Gazetenin bu kez iktidarı destekliyor olması; başkaca şikâyeti olmadığı anlamına gelmiyordu elbette… Aksine gazete, Papa Eftim’e verilmiş olan kiliselerin iadesinde ısrarlıydı.

Bir başka Rumca gazetede de; Apoyevmatini gazetesinde; aynı şekilde Özdamar’ın istifasının uyandırdığı memnuniyet açıklanıyordu. Haberde şöyle deniyordu:

ÖZDAMAR’A TEPKİ

Apoyevmatini gazetesi; Özdamar’ın kamuoyuna açıklamasından hemen sonra; bu kez de ona yanıt verme gereğini duymuştu. Gazete, Özdamar’a hitaben kaleme aldığı beyannamesinde şöyle diyordu: “Kötü söz söylemektense, susmak hayırlıdır derler. Bay Özdamar; kendi arzularıyla çekildiğini söylerken, bizi çok saf zannetmektedir. Kendisini istifaya mecbur edenlerin hükûmetle [Cumhuriyet] Halk Partisi olduğunu hepimiz biliriz. İstamat Özdamar, Balıklı hastanesini insanî bir duygu ile idare ettiğini ve bu duygu ile bu işi üstüne aldığını iddia etmektedir. Halbuki aldığı bol maaş meydandadır.

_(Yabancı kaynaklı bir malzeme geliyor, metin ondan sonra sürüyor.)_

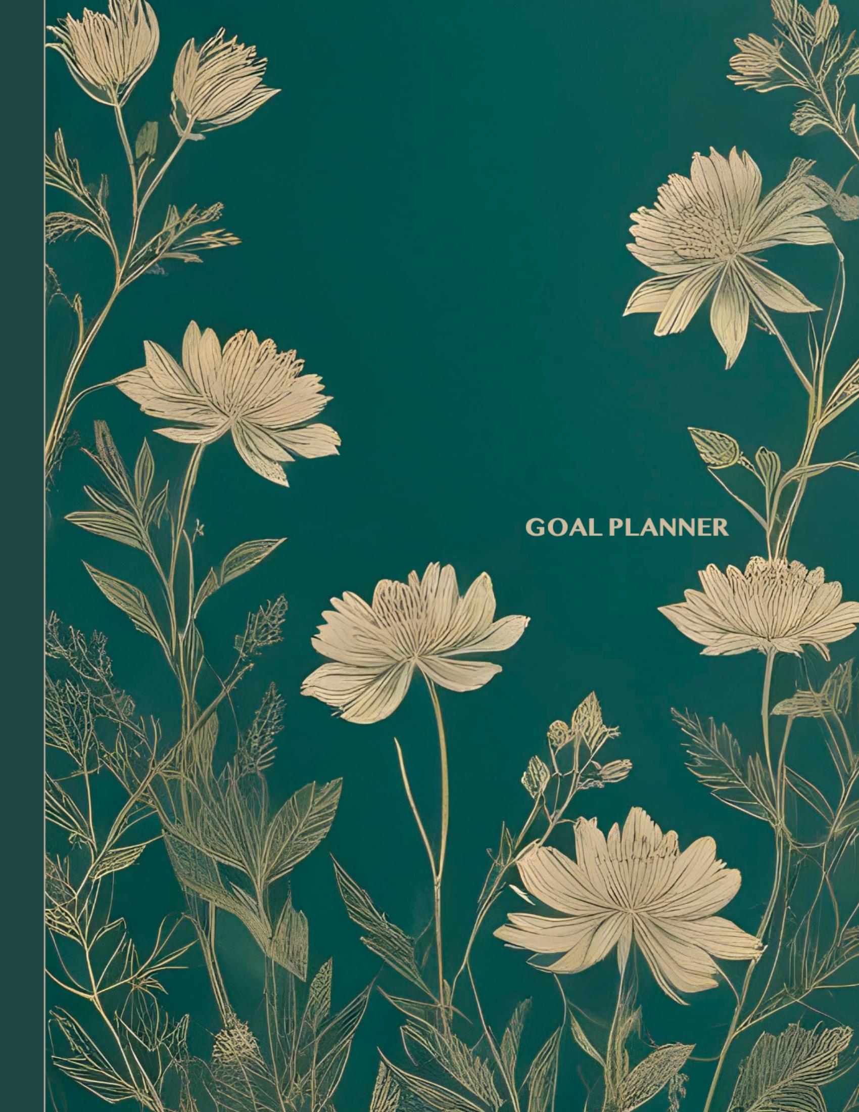 A deep green canvas adorned with elegant golden flowers. Perfect for those who seek harmony and clarity while setting their goals.

Hesaplarının ve yaptığı işlerin meydanda olduğunu söylüyor; bunları murakıplar tetkik edeceklerinden, biz şimdiden bir şey söyleyemeyiz. Özdamar’ın sözlerine yalnız safdiller kanabilirler. Bay Özdamar; dışarıdan dahi hastaneye yardım etmeyi bir borç bildiğini söylüyor. Onun yardımı eksik olsun…”

Papa Eftim’in kilisesi

Yine aynı gazetede; Papa Eftim’in kilisesinden de söz edilmişti. Buna göre; gazete, bu kiliseyi ve Papa Eftim’i sert şekilde eleştiriyordu. Gazete şöyle yazmıştı: “Hemşerileri mübadele ile Yunanistan’a sevk edildikten sonra İstanbul’a gelen Keskinli papaz; patrikhaneye tecavüz ettiğinden dolayı, ruhani sıfatını kaybetmişti. Bundan sonra aklını başına toplaması lâzım gelirken; Galata’da bulunan iki Rum kilisesini işgal ve zapt etmiştir. Bu suretle kurduğu Türk Ortodoks kilisesinin mensupları kendi aile efradından ibarettir. Eftim Karahisaridis rahip olmadığı gibi, Hristiyan ve Ortodoks da değildir. Bu kiliselerin Rum cemaatine iadesini ve Eftim Karahisaridis’in bize ait olan kiliselerden uzaklaştırılmasını sayın cumhuriyet hükûmetimizden bekleriz.”